- **Exercise goal**: Begin at the top of the records below and print each line exactly until the line containing "Romazzina pendant light, Ø" has been printed; any pictures are to be left out.

- **Records for the task**:
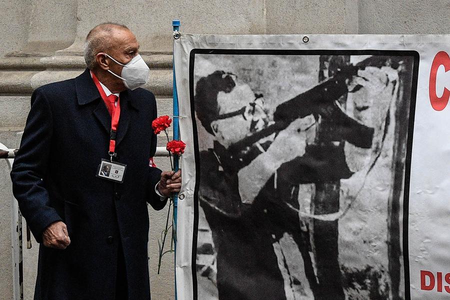 A man pays homage to former Chilean President Salvador Allende and commemorates the 49th anniversary of the military coup launched by Augusto Pinochet in Santiago, Chile, Sept. 11, 2022. (Photo by Jorge Villegas/Xinhua)
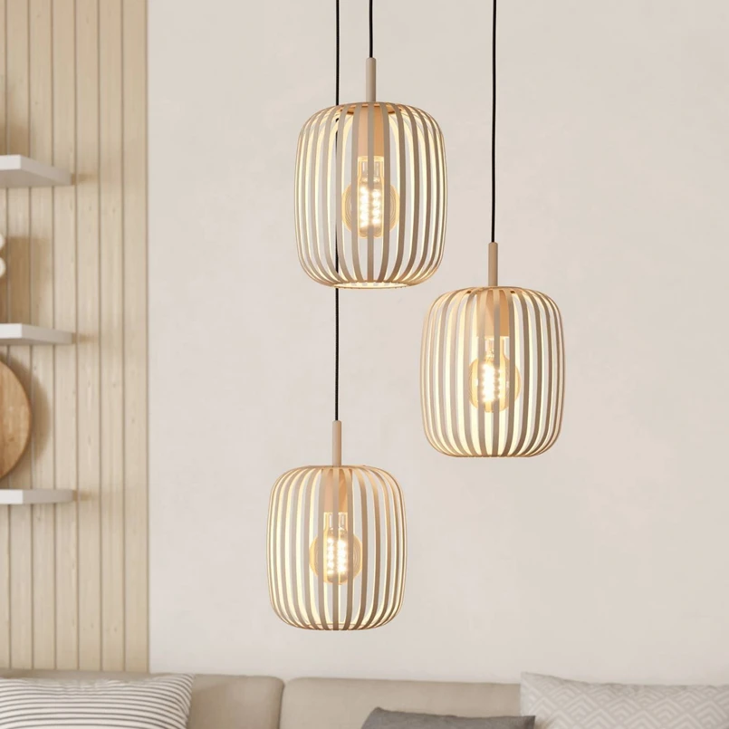 Romazzina pendant light, Ø 46 cm, sand-coloured, 3-bulb, steel
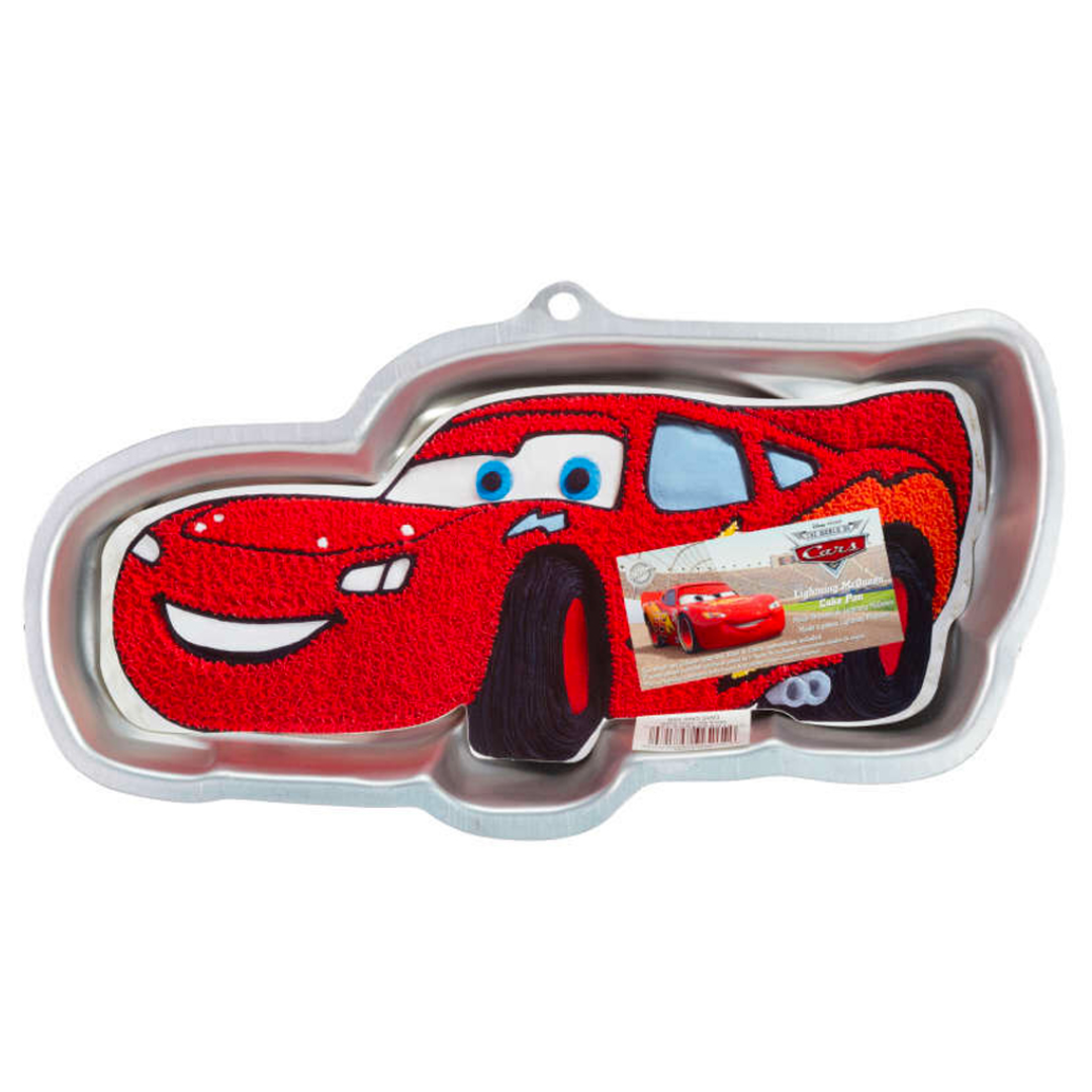 Make a cake in the shape of the Lightning McQueen from the movie "Cars." Use and care instructions: Hand wash with warm, soapy water. Rinse and dry thoroughly. Dishwater use is not recommended. Avoid using metal utensils, scouring pads and abrasive cleaners. Acid from some foods may stain the pan.
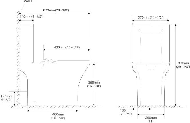 • Прилегание унитаза к стене:
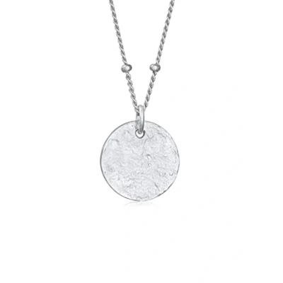 Elli Necklace Ladies Satellite Chain Plate Pendant Hammered in 925 Sterling Silver
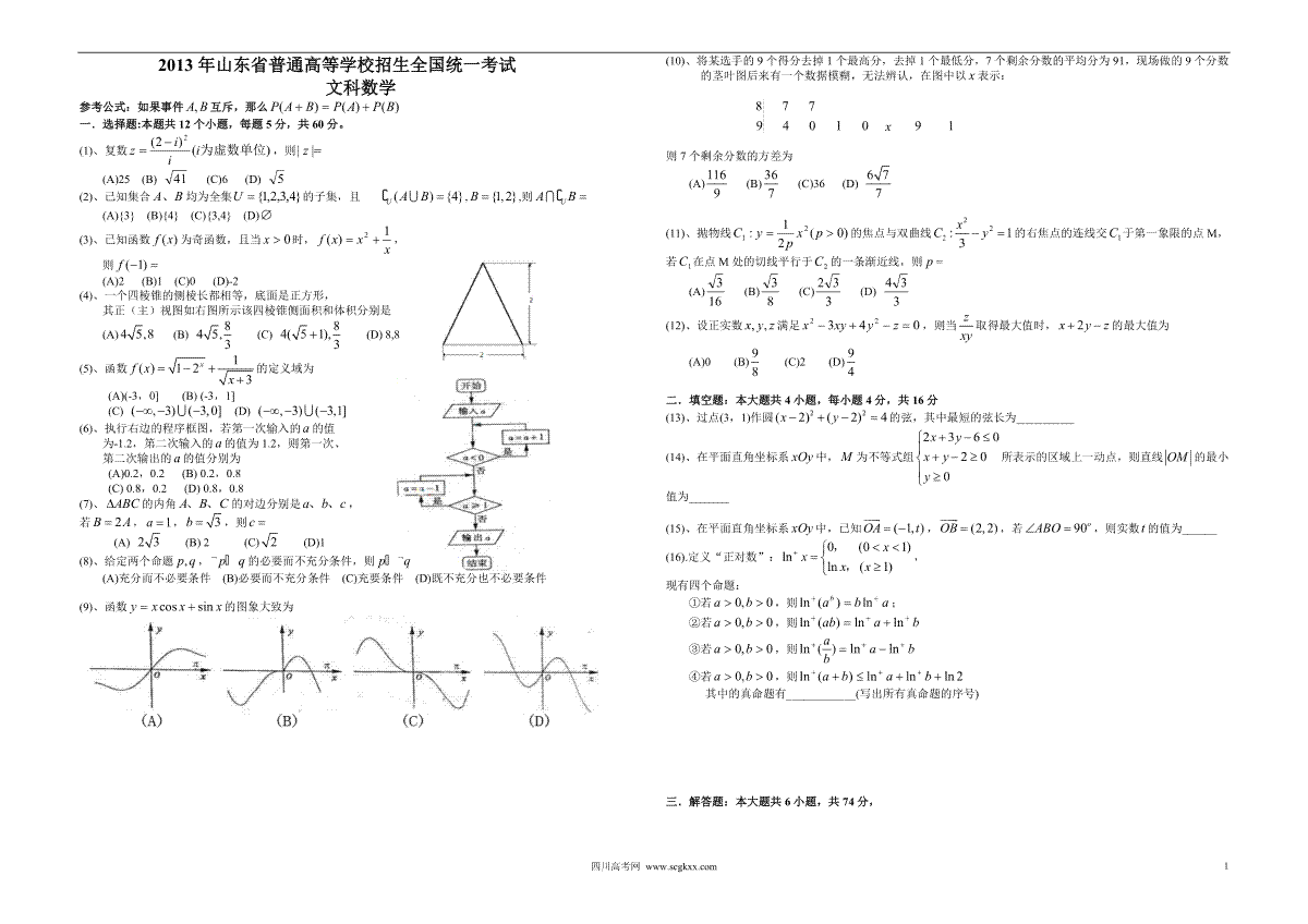 2013年高考真题数学【文】(山东卷)(含解析版)已公布,关注本站,本站会在2013年高考真题数学【文】(山东卷)(含解析版)试题及答案公布后为大家及时更新。
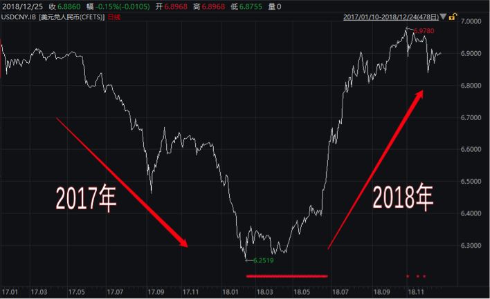 美元兑人民币汇率,在2016年12月28日创下高点6.9666,随后一路下跌。进入2018年,在2月7日创下低点6.2519后,逐渐一路上扬,10月31日达到高点6.9780。截至12月25日,今年以来美元兑人民币累计升值5.74%。这意味着,如果你去年底兑换5万美元,现在已经赚了1.87万元人民币。

- **Exercise result**:
 A man pays homage to former Chilean President Salvador Allende and commemorates the 49th anniversary of the military coup launched by Augusto Pinochet in Santiago, Chile, Sept. 11, 2022. (Photo by Jorge Villegas/Xinhua)
 Romazzina pendant light, Ø 46 cm, sand-coloured, 3-bulb, steel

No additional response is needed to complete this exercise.